PLO official says Palestinian Authority dishing out $15 million per month in terrorism reward payments.
By Yakir Benzion, United With Israel
A senior official of the Palestine Liberation Organization (PLO) says the Palestinian Authority paid out some 600 million shekels ($181 million) in stipends to Palestinian terrorists and their families last year under the PA’s pay-for-slay policy, Times of Israel reported Thursday.
For decades, the Palestinians have used foreign donor money, including U.S. taxpayer funds and other sources, to reward terrorists and their families. These are monthly cash payments to terrorist prisoners, released terrorist prisoners, and to the families of the so-called “martyrs” – any Palestinian killed while carrying out attacks against Israelis.
That includes payments in perpetuity to the families of suicide bombers as a reward for their “sacrifice” to the Palestinian cause.
“Because the PA hands out more money for longer sentences in Israeli prisons, those incarcerated for the most brutal terror attacks receive more funding from Ramallah,” Times of Israel noted.
“We pay around 50 million shekels ($15 million) per month in salaries,” PLO Commissioner for Prisoners’ Affairs Qadri Abu Bakr told the news site.
Over the past two years, Israel has introduced new legislation that would bring legal action against any Palestinian bank that provides payments as a reward for terrorism. Instead of stopping the practice as has been demanded by Israel and the United States, the Palestinian Authority has looked for loopholes to keep the reward payments going.
Abu Bakr said that around 7,500 released Palestinian prisoners currently receive salaries from the PLO. Another 4,500 who are still in detention also get paid.
The $181 in payouts, to which he admitted, is even higher than the $159 million calculated by the Israeli watchdog group Palestinian Media Watch, which has tracked the reward payments for terrorism and helped craft the Israeli legislation.
The Trump Administration cut off funding to the Palestinians in part over their refusal to stop the pay-for-slay payments. That decision was in line with the Taylor Force Act, passed by the Senate in 2018, which received bipartisan support and was named for 28-year-old American graduate student Taylor Force, who was stabbed to death by a Palestinian terrorist in Tel Aviv in March 2016 during a university trip to Israel.
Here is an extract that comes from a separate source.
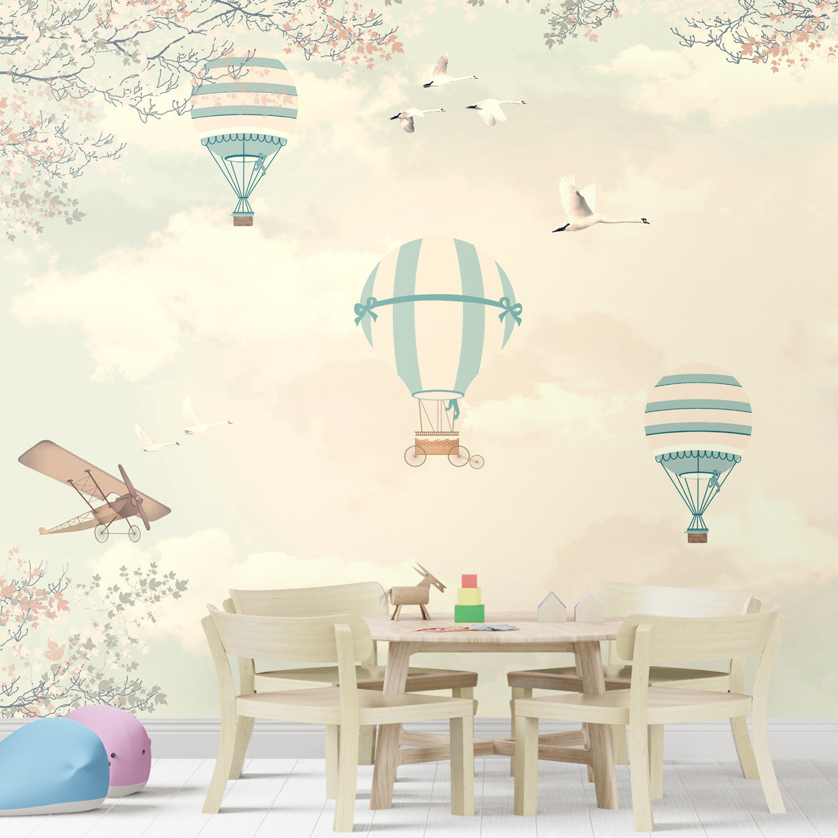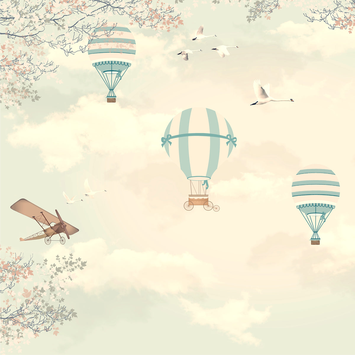 Balloons & Gliders Pastel Colors Children Room Wall Paper, Customised

Although Force’s murderer, Bashar Masalha, was killed by police, the Masalha family gets monthly cash payments in return for their son’s “martyrdom.” In addition to killing Force, the terrorist stabbed and wounded 11 other people, including a pregnant woman.
The Biden Administration said it wants to resume funding to the Palestinians, but that will be difficult to do while still complying with both the Taylor Force Act and the Anti-Terrorism Clarification Act (ATCA), both of which prohibit funding entities that give financial support to terrorism.